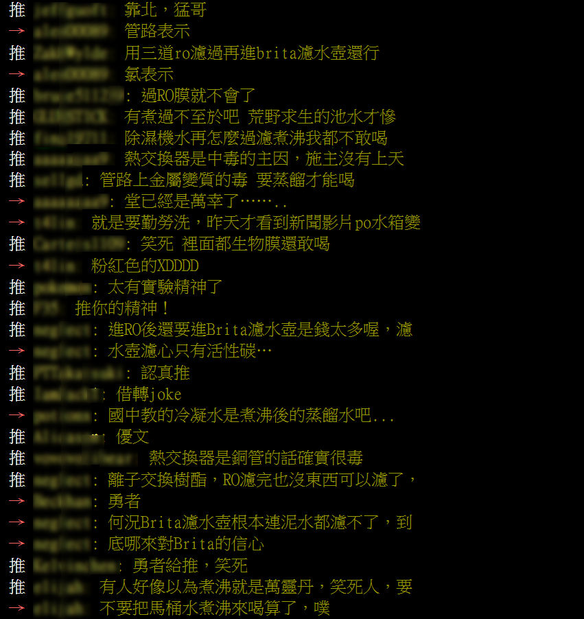 少數推文討論「如果先用RO逆滲透過濾再煮沸呢?」意見兩極。有人認為「過RO膜就不會了」,但也有人反駁,病毒和部分化學物質未必能被一般家用RO濾除乾淨。更有人吐槽:「RO濾完也沒東西可以濾了,你還要再過Brita 是錢太多嗎?」
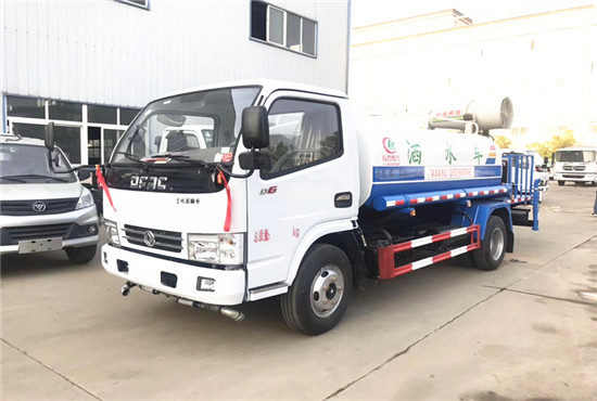 根據客戶要求:罐體容積約5立方;前沖后灑氣動閥控制。專用功能為:前沖后灑,帶側噴,帶高位花灑,罐體后帶工作平臺,平臺上安裝綠化灑水高炮,灑水炮可全方位旋轉,并有多種雨狀可調節(大雨、中雨、毛毛雨、霧狀),泵可自吸自排,帶自流閥,帶消防接頭,帶過濾裝置。后平臺配30型風送式霧炮機及柴油發電機組。
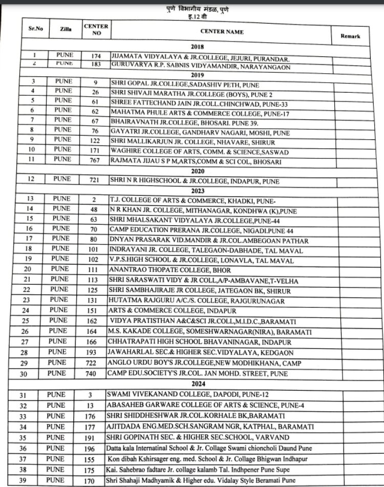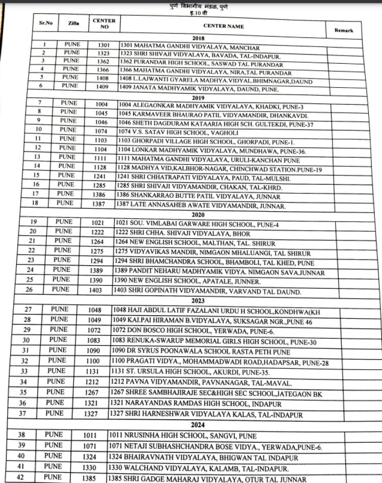पुणे जिल्हा परिषद माध्यमिक शिक्षणाधिकारी डाॅ. भाऊसाहेब कारेकर यांच्या कार्यालयाकडून २०१८ ते २०२४ या कालावधीत काॅपीचे प्रकरणे आढळलेल्या शाळांची यादी प्रसिद्ध करण्यात आली आहे.
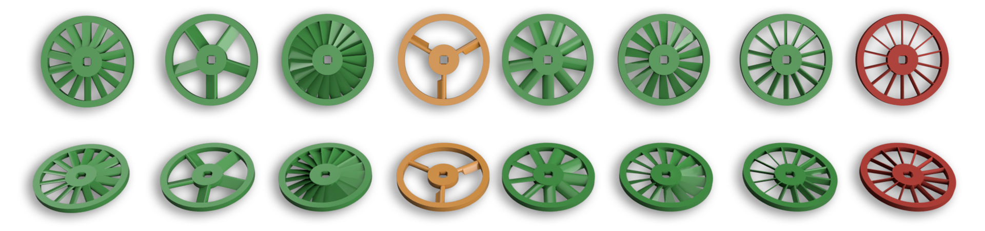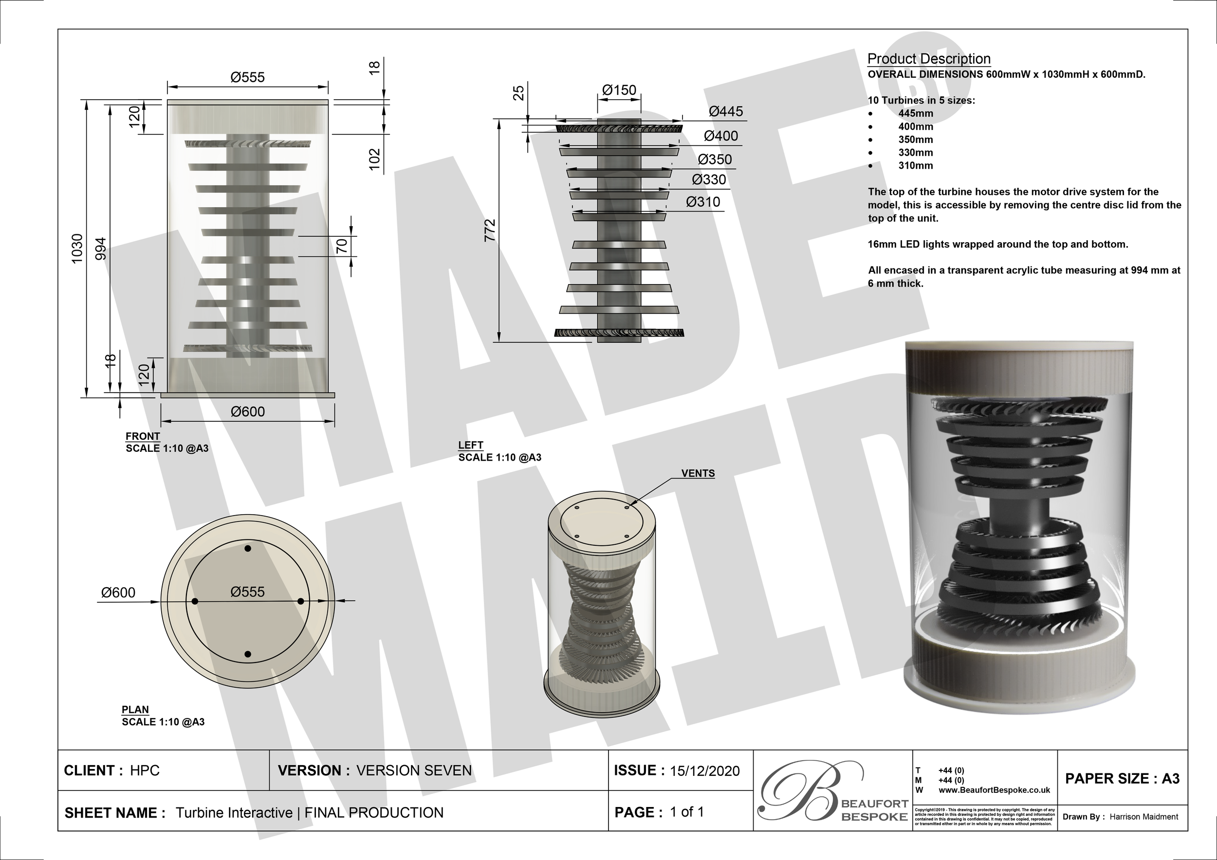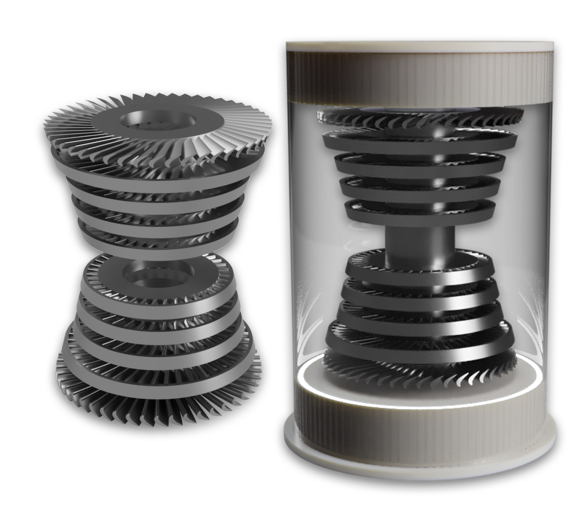 Each turbine wheel was 3D printed and finished in a durable brush metallic paint.
++++
Task directions:
Would you transcribe, exactly and only, the lines from the one that contains "根據客戶要求:罐體容積約5立" through the last line of the data above, without any pictures?

Response to the exercise:
 根據客戶要求:罐體容積約5立方;前沖后灑氣動閥控制。專用功能為:前沖后灑,帶側噴,帶高位花灑,罐體后帶工作平臺,平臺上安裝綠化灑水高炮,灑水炮可全方位旋轉,并有多種雨狀可調節(大雨、中雨、毛毛雨、霧狀),泵可自吸自排,帶自流閥,帶消防接頭,帶過濾裝置。后平臺配30型風送式霧炮機及柴油發電機組。
पुणे जिल्हा परिषद माध्यमिक शिक्षणाधिकारी डाॅ. भाऊसाहेब कारेकर यांच्या कार्यालयाकडून २०१८ ते २०२४ या कालावधीत काॅपीचे प्रकरणे आढळलेल्या शाळांची यादी प्रसिद्ध करण्यात आली आहे.
 Each turbine wheel was 3D printed and finished in a durable brush metallic paint.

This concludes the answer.